Hi Thomas,
On 04/03/2017 09:57 PM, Thomas Petazzoni wrote:
So there's a small downside to this - which I reckon will likely not stand out in grand scheme of things - still tabling it here for people to be aware of. This can potentially degrade some of the micro-benchmarks such as LMBench lat_proc shell - since there's now an additional shared library (libtirpc) to load. We spotted this back in 2015 when comparing buildroot (using libtirpc) vs. our homegrown builds (using native toolchain rpc).
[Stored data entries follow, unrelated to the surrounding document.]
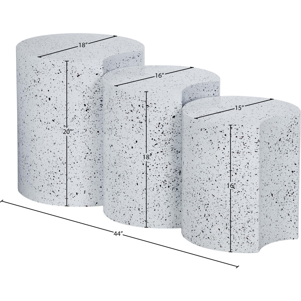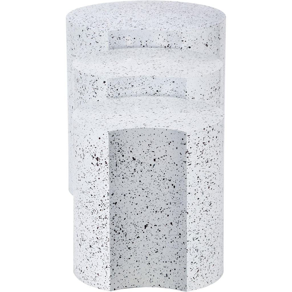 Beautify your room with this Dimple white end table. Crafted from white terrazo patterned iron metal, its modular shape allows you to connect as many as needed, offering versatility and style. With a contemporary nesting design, it adapts effortlessly to various spaces, whether used individually or in clusters. Perfect for adding both functionality and a modern aesthetic to your living area, this table promises to be a chic addition that enhances organization and visual appeal in any setting.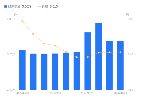 1月21日消息,数据显示,截至2026年1月20日,金能科技A股股东总户数为3.5万户,较上期(2026年1月9日)减少89户,降幅0.25%。公司最新A股总股本为8.48亿股,其中流通A股8.48亿股,户均持有流通A股数量为2.42万股,较上期增加61.39股,增幅0.25%;户均持流通A股市值15.77万元,较上期增加641.24元,增幅0.41%。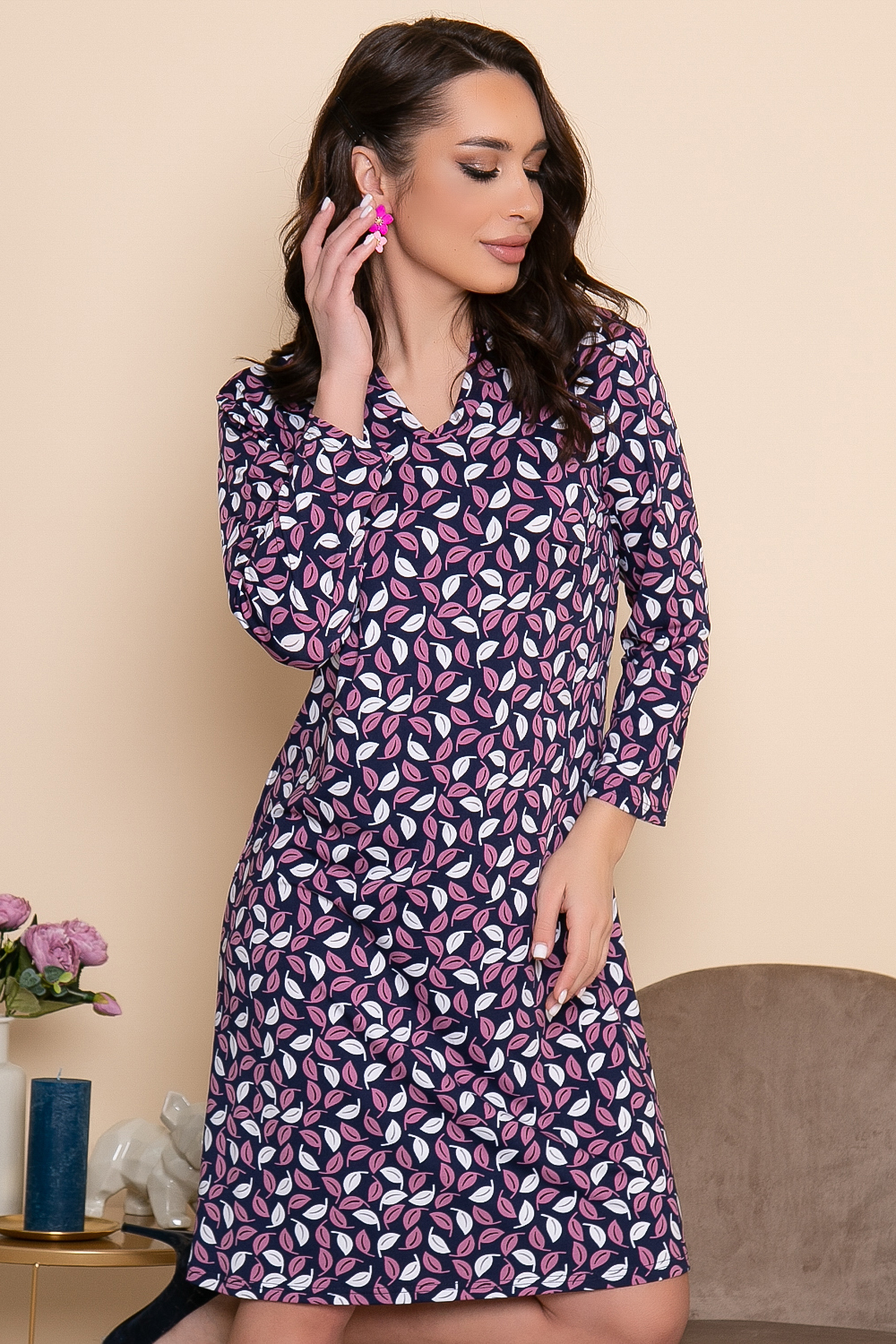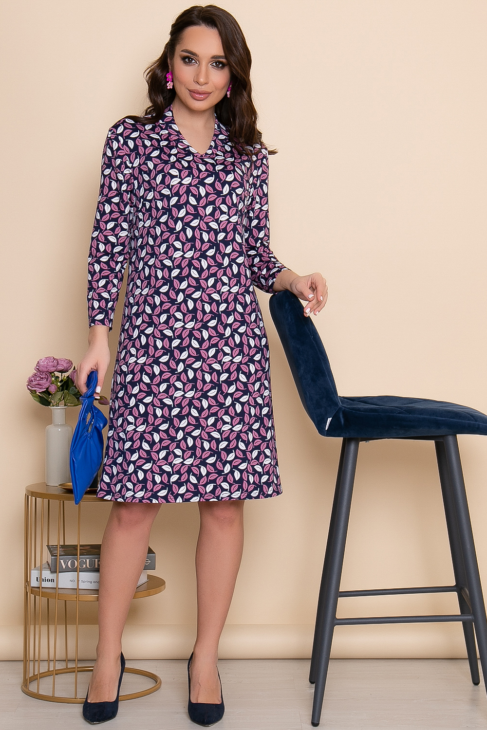- Цвет: синий. Принт: листья (розовый, белый);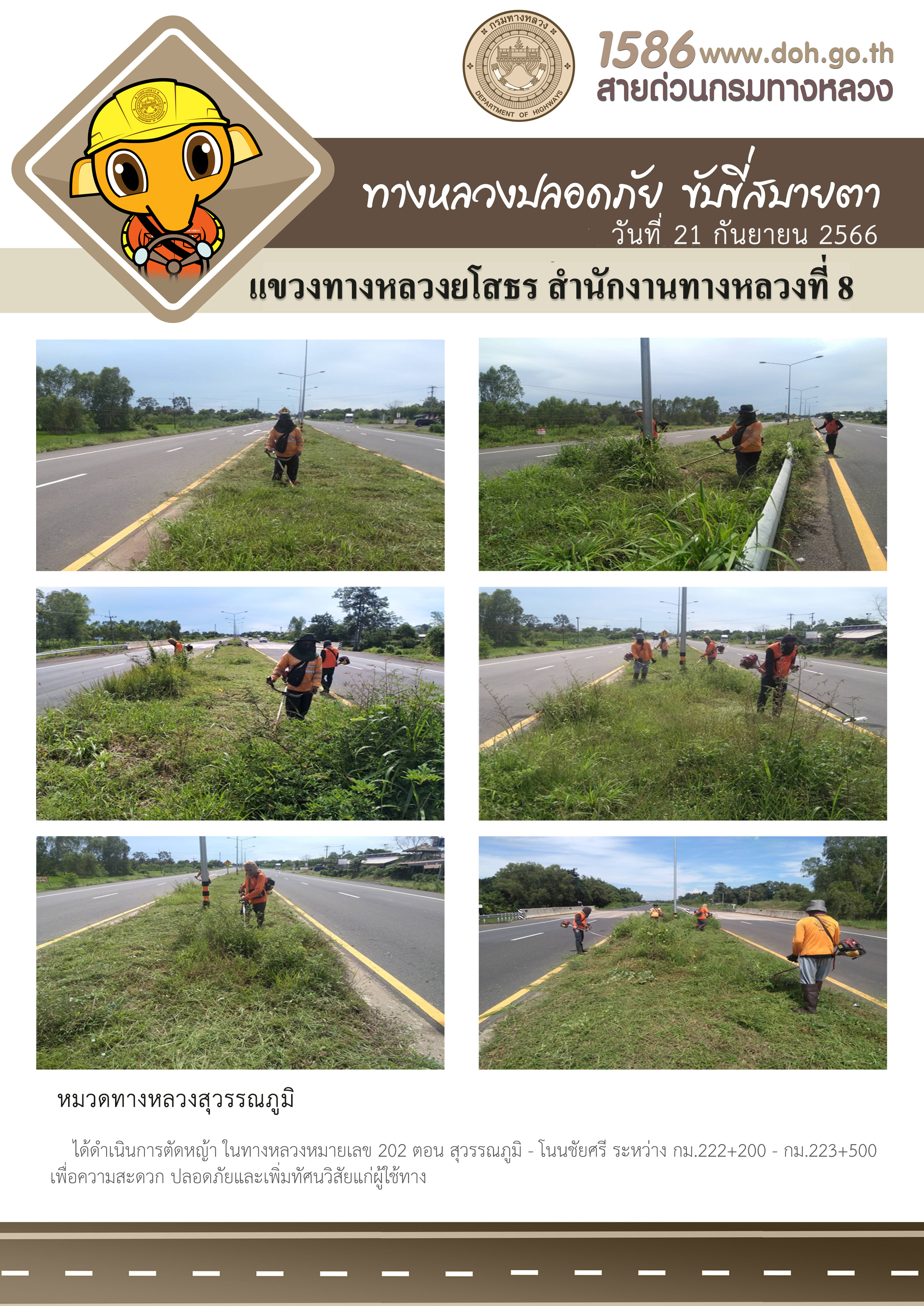 - [10:21] ทั่วไป วันอังคารที่ 31 มีนาคม 2569 งานอำนวยความปลอดภัย ได้ดำเนินการตัดหญ้า ทำความสะอาดภายในบริเวณแขวงทางหลวงยโสธร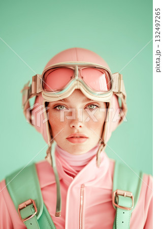 A woman in a suit and helmet stands in front of a building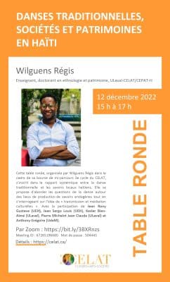 Le CELAT vous invite à la table ronde « Danses traditionnelles, sociétés et patrimoines en Haïti », qui se tiendra en ligne le lundi 12 décembre 2022, de 15 h à 17 h. Cette activité, organisée par notre membre étudiant Wilguens Régis dans le […]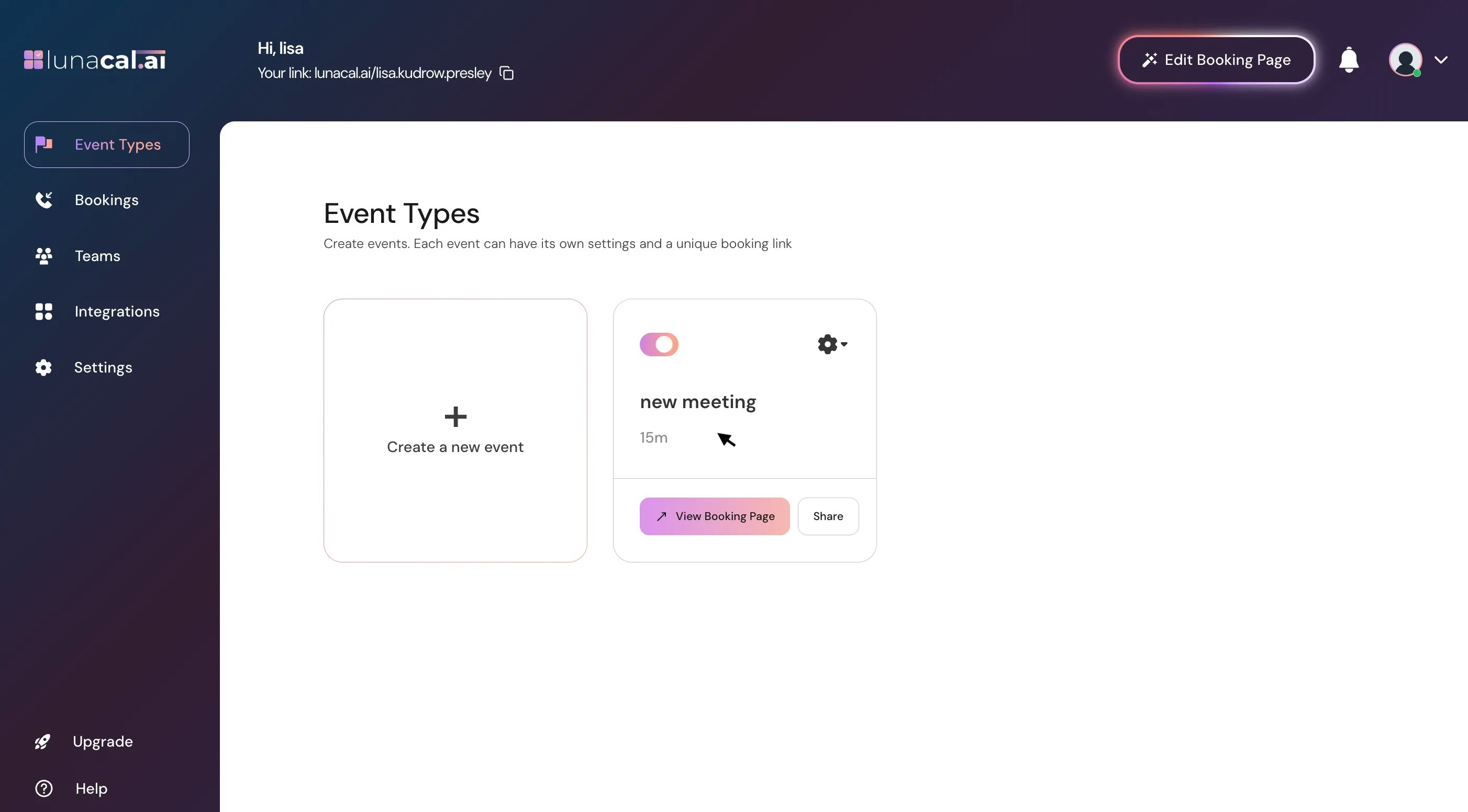 After creating an event type, you can make changes at any time using the Edit option available on when you click on gear icon on dashboard. If an event type is no longer needed, you can remove it using the Delete option. Deleting an event type immediately removes it and its booking page link, so ensure it is no longer in use before deleting.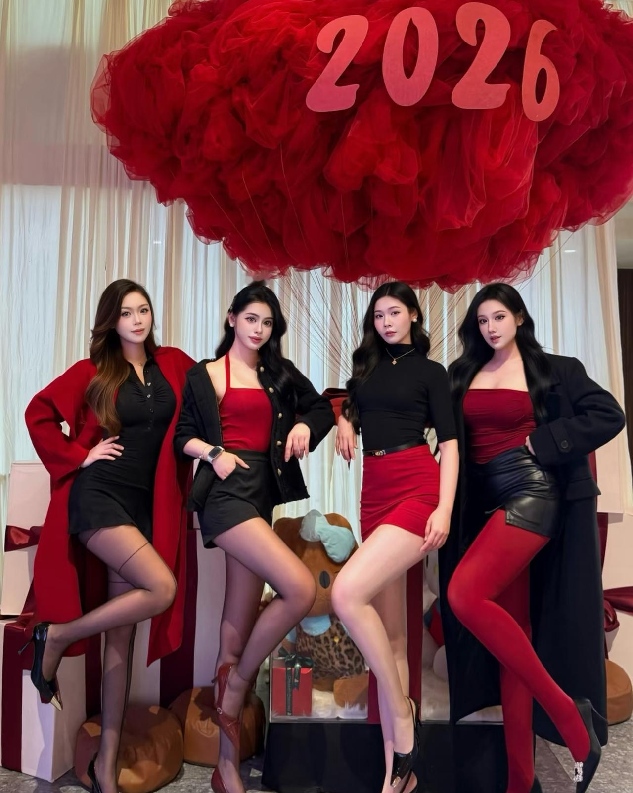 和我的神仙姐妹组局,全员解锁御姐模式。红装加身,丝袜配高跟鞋,将气场拉满两米八。不必刻意迎合年味,我们站在一起,就是最耀眼的烟火。 在这个丙午红马年,拒绝软糯,只做自己的女王。踩着高跟鞋丈量新年的好运,借着红火穿搭锁定一整年的顺遂。 祝我们:红红火火过大年,美貌与财富双丰收!2026,一起策马扬鞭,飒翻全场!红马年穿搭
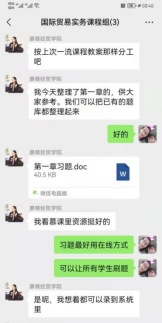 为优化课程设计,更好地提高学生的学习兴趣,国际经济与贸易专业发挥集体协作能力,采用线上课程组备课的方式,精心准备教案。同时,实施专题化教学,将知识点或者技能点分解成若干个15至20分钟的片段教学,并穿插视频或者习题练习,减少学生习疲倦心理,增加课堂趣味性,解决线上教学的课堂管理和临场交互感较差的问题。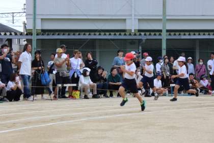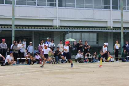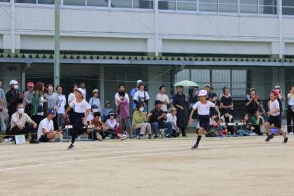 プログラム2は、中学年徒競走でした。中学年はトラックのセパレートコースを使っての80m走でした。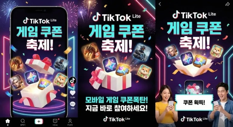 4.메인 화면 아래쪽의 [틱톡라이트와 봄을 기다리며 3월 모바일게임 쿠폰 페스타 진행해봄~!] 배너를 탭합니다.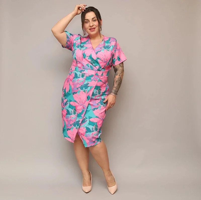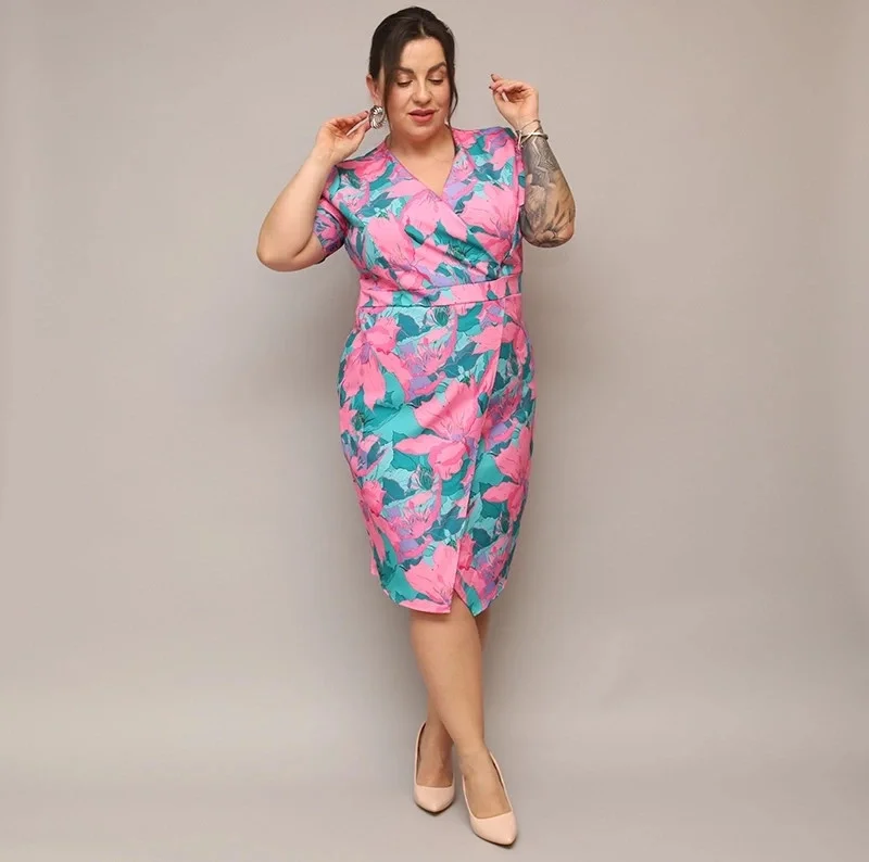 Růžovo-zelené dámské přeložené obálkové květované šaty v délce ke kolenům (742)

How big was the performance hit?
Processor, Processes - times in microseconds - smaller is better ------------------------------------------------------------------------------ Host OS Mhz null null open slct sig sig fork exec sh call I/O stat clos TCP inst hndl proc proc proc --------- ------------- ---- ---- ---- ---- ---- ---- ---- ---- ---- ---- ---- A7-720mhz Linux 3.4.61 720 0.50 0.97 4.37 9.38 26.0 1.00 5.59 1103 5061 8432 A7-720mhz Linux 3.4.61 720 0.50 0.96 4.24 9.31 26.0 1.00 5.59 1093 5029 10.K
So ~19%
Is it just due to loading an additional library, or to internal RPC implementation aspects that differs between the uClibc built-in implementation and the libtirpc implementation?
So the thing is Busybox binary ends up being linked with 2 libs (instead of just libc.so) thus ldso loading takes more time. Now lat_proc shell ends up doing exec() of (busybox) shell and then hello world - hence the increased time.
If it's just due to loading an additional library, is this micro benchmark really representative of real-world workload? Is it really a real life situation to have very short-lived processes that need RPC support?
Hard to judge really - for a desktop/server system it probably doesn't matter - but for a typical embedded system ...
-Vineet
Best regards,
Thomas